:: Task ::
Copy out precisely the lines of the material that follows, beginning with the line containing "Agtron bean color" and ending with its last line; exclude pictures.
* * * * *
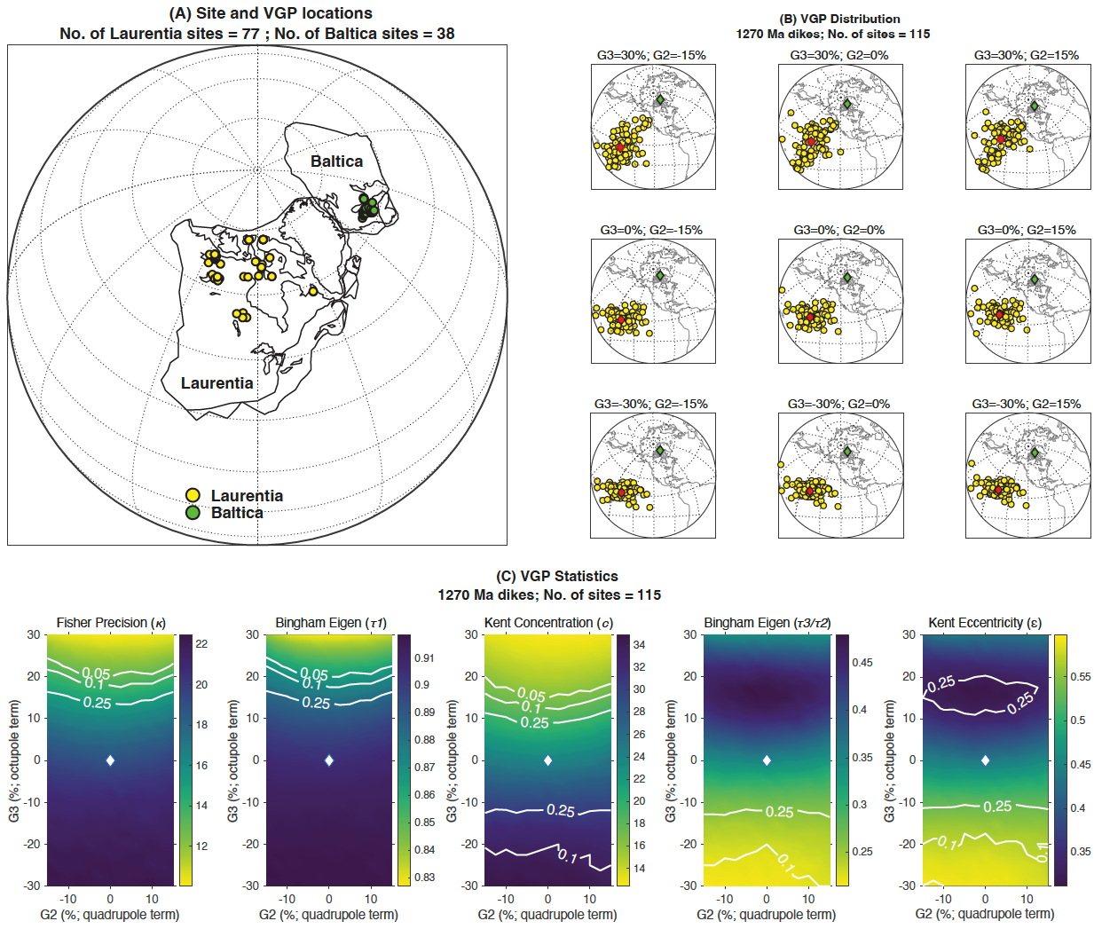 图2:(A) 约12.7亿年劳伦大陆和波罗的大陆的古地理相对位置重建模型。黄色和绿色圆圈显示12.7亿年基性岩墙的采样点位置。(B, C) 不同轴向非偶极子场贡献下地磁极空间分布和球面统计。红色菱形代表地磁极的平均值,绿色菱形显示采样点位置的平均值。白色菱形显示地心轴向偶极子场情形,白色等值线为零假设(即非偶极子场与GAD场统计参数没有显著差异)的p值。
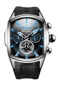 藍(lán)色表盤,帶夜光棒標(biāo)記和大型超級夜光指針。陀飛輪、小時、分鐘、秒。這手表的表盤 12 點(diǎn)鐘位置有其標(biāo)志。
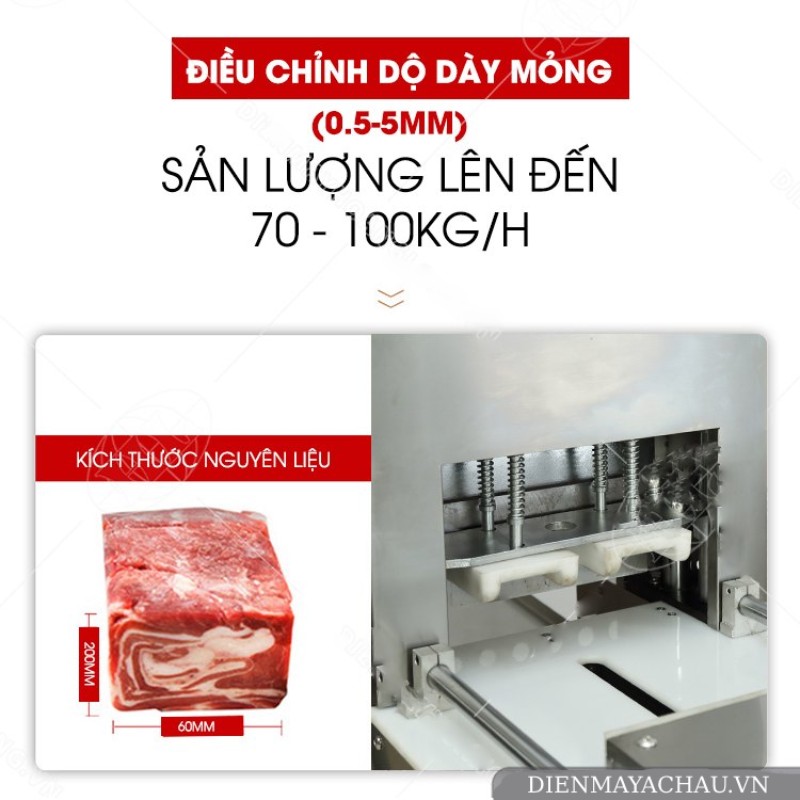 Năng suất cao, khả năng thái vượt trội, đa dạng, máy thái thịt tự động QH-02 đang hội tụ rất nhiều ưu điểm và là loại máy cắt thịt vô cùng phù hợp với các nhà hàng lớn, các xí nghiệp, cơ sở chế biến thịt.
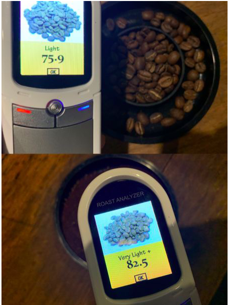 Agtron bean color value 75.9 (above image), Agtron ground color value (below image) 82.5, Roast Delta value 6.6.
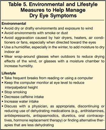 ■ Patient education, environmental and lifestyle management. Dry eye is best managed through a combination of patient education, environmental control and lifestyle modification (Table 5), and appropriate therapies. Patients should be educated about dry eye and, based on their history, made aware of any of the patient-related, environmental, and disease-related factors that cause or contribute specifically to their condition. It is also important that the patient understands dry eye requires long-term management, and that he or she needs realistic treatment expectations.
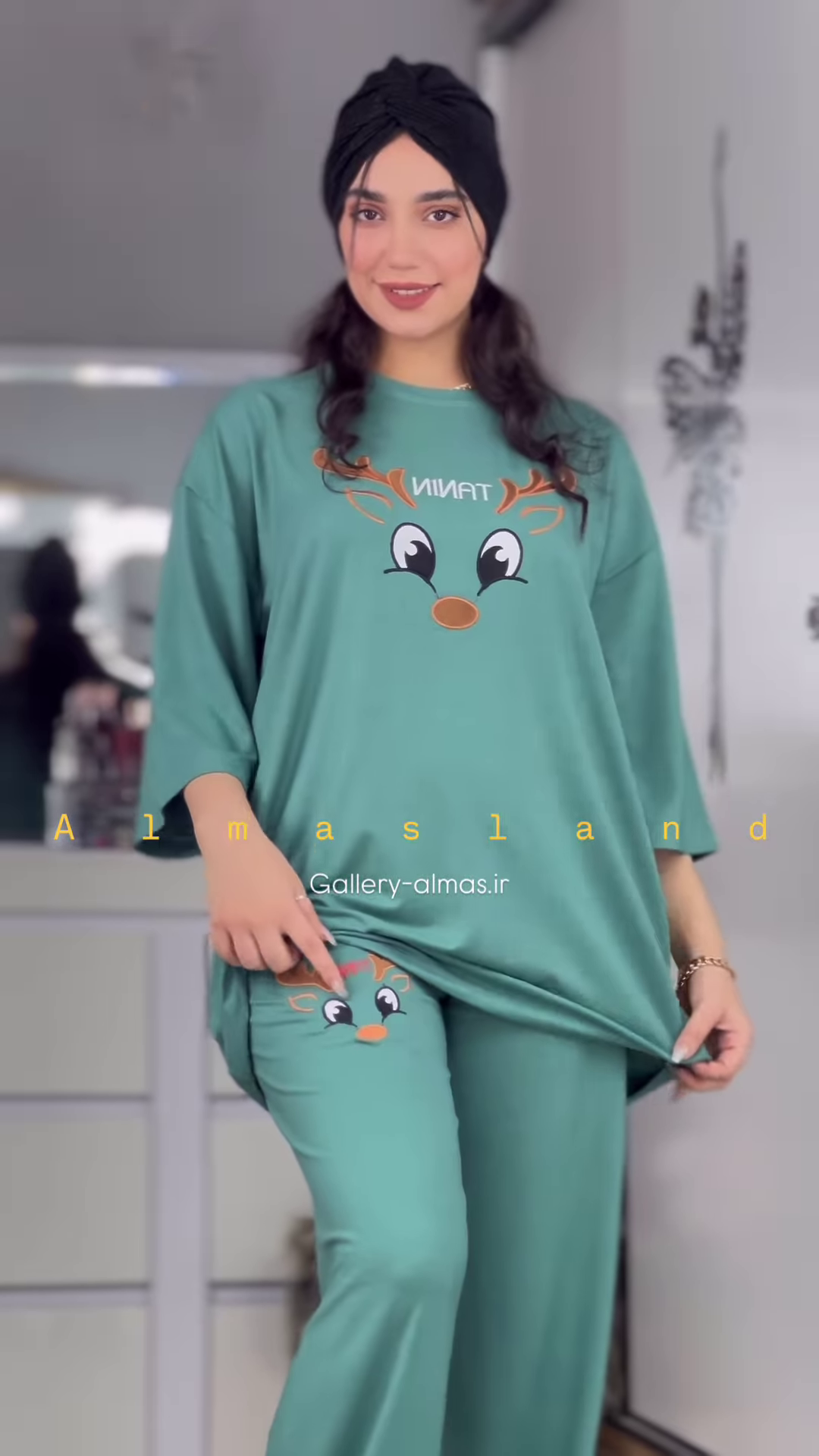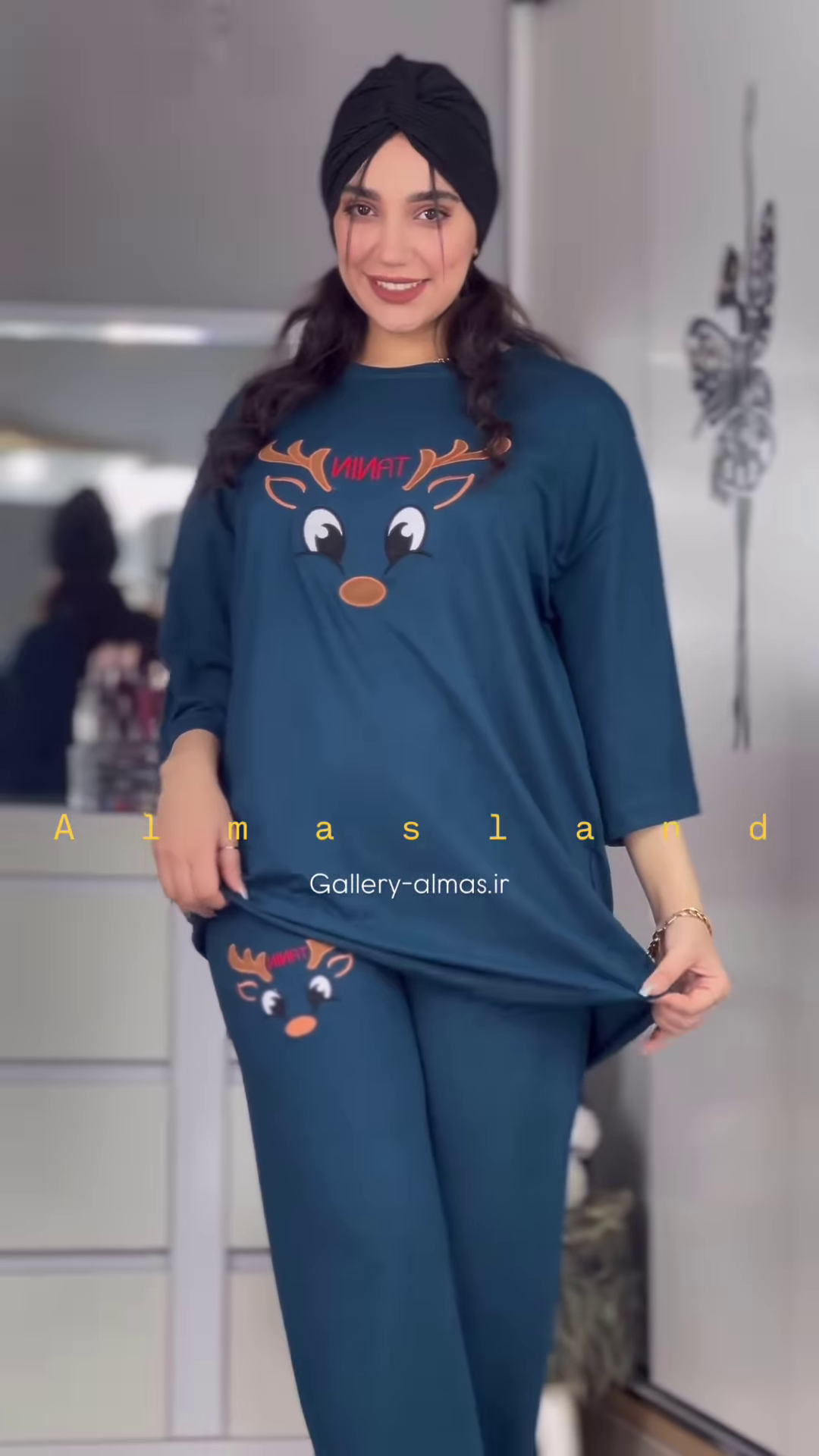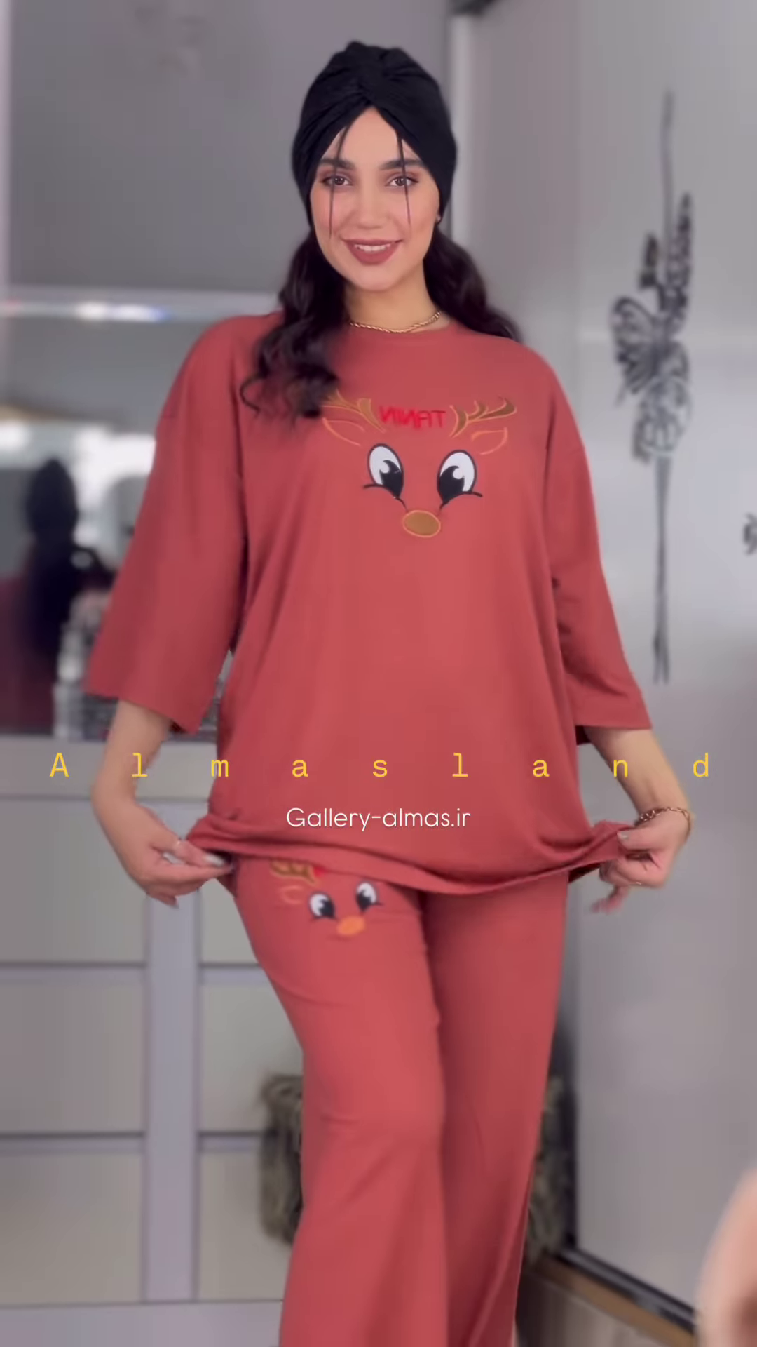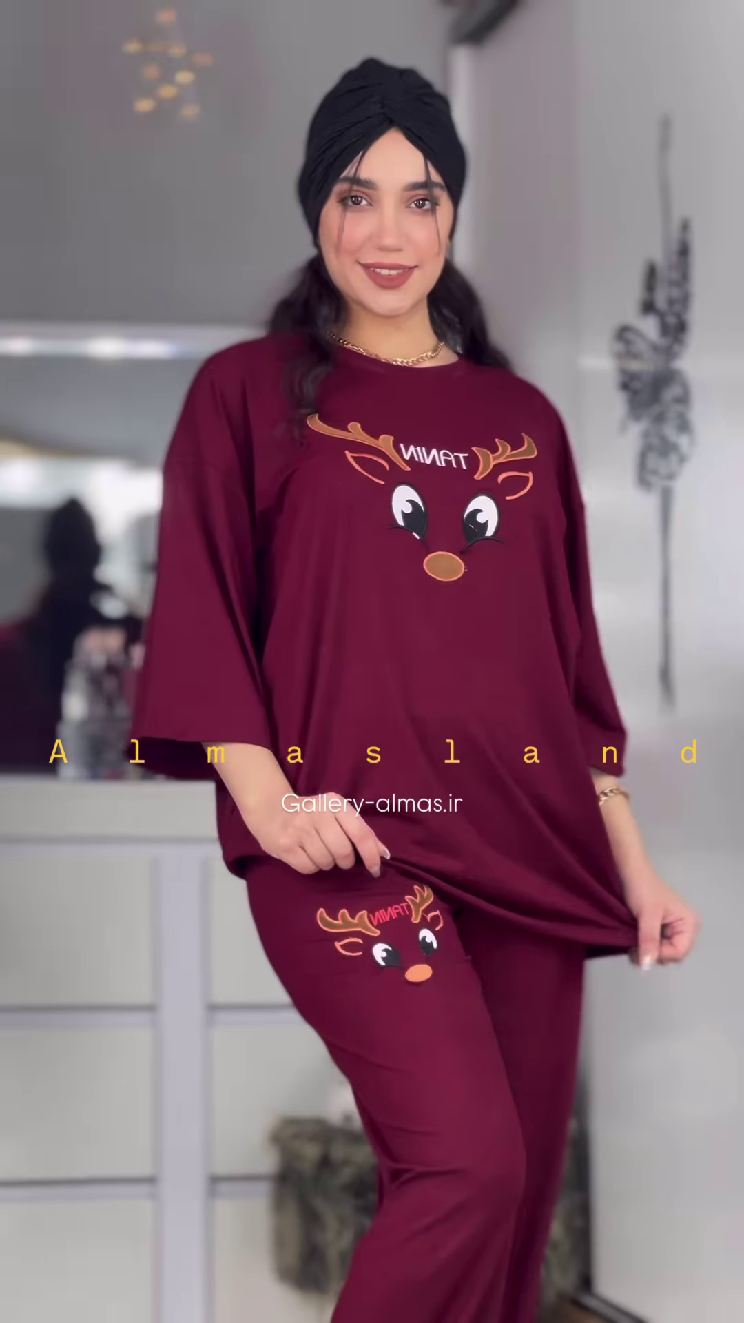 The matching pants are designed with a comfortable elasticized waistband, ensuring a snug yet gentle fit. The long length of the pants provides warmth and comfort, making them ideal for cooler nights in your Ahmedabad home. Similar to the top, the pants also feature the same cute reindeer graphic, either as a repeating pattern or a single design on the leg, creating a coordinated and charming pajama set.
* * * * *
:: Answer area ::
 Agtron bean color value 75.9 (above image), Agtron ground color value (below image) 82.5, Roast Delta value 6.6.
 ■ Patient education, environmental and lifestyle management. Dry eye is best managed through a combination of patient education, environmental control and lifestyle modification (Table 5), and appropriate therapies. Patients should be educated about dry eye and, based on their history, made aware of any of the patient-related, environmental, and disease-related factors that cause or contribute specifically to their condition. It is also important that the patient understands dry eye requires long-term management, and that he or she needs realistic treatment expectations.
 The matching pants are designed with a comfortable elasticized waistband, ensuring a snug yet gentle fit. The long length of the pants provides warmth and comfort, making them ideal for cooler nights in your Ahmedabad home. Similar to the top, the pants also feature the same cute reindeer graphic, either as a repeating pattern or a single design on the leg, creating a coordinated and charming pajama set.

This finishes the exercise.